Kate: I can’t wait for your album to come out. It’s going to be brilliant. 

Hannah: I’ll send it to you. I really want to hear your album, I don’t know if I can wait until yours comes out. 

Kate: We can do a secret swap. It’s funny, the effect it has on me — it’s such a time machine back to seeing you play every night on tour. It’s funny what it does to your blood, when you have that sort of relationship with songs. 

(Photo Credit: Vanessa Heins)

Hannah Georgas began creating the album All That Emotion about a year after the release of her celebrated 2016 album For Evelyn — starting with an intensive process of writing and demoing songs in her Toronto apartment, and finishing with a month long retreat in Los Angeles. She began the record making process in the middle of 2018 when she traveled to Long Pond, the upstate New York studio & home of producer Aaron Dessner of The National.

The writing of the album found Hannah creating her most personal album to date. “All That Emotion’s album cover is an old family photo,” says Hannah. “I love the image because it captures this calm confidence. It looks like people are watching a performance and it seems like he’s diving in without a second thought. Similarly, I find that it parallels the approach needed within art. The calm confidence of expressing yourself without the thought of consequence, regardless of anyone watching.”

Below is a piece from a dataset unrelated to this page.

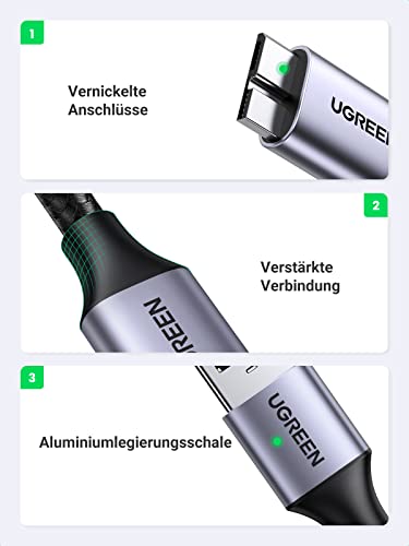 UGREEN USB 3.0 Micro B Kabel USB 3.0 Stecker auf Micro B Stecker Datenkabel für externe Festplatten Seagate, Toshiba Canvio, Western Digital (WD), My Passport, Galaxy S5, Note 3/ Pro 12.2 usw. (0.5m)

On the album, you’ll hear about bad habits and prayerful families — right and wrong love — mistakes and moving on — casual cruelty and most of all, change. Plotting the boundaries of where to place this music it’s emotionally fraught but warm & fuzzy. “An indie-minded avant-pop artist” was the Boston Globe’s formulation for her charms. Think of Fleetwood Mac meets The National; Kate Bush-sized passion with the earthiness of Cat Power or Aimee Mann. The album grows inside you and sticks to your insides. The songs are big tent anthems, rough at the edges but relatable.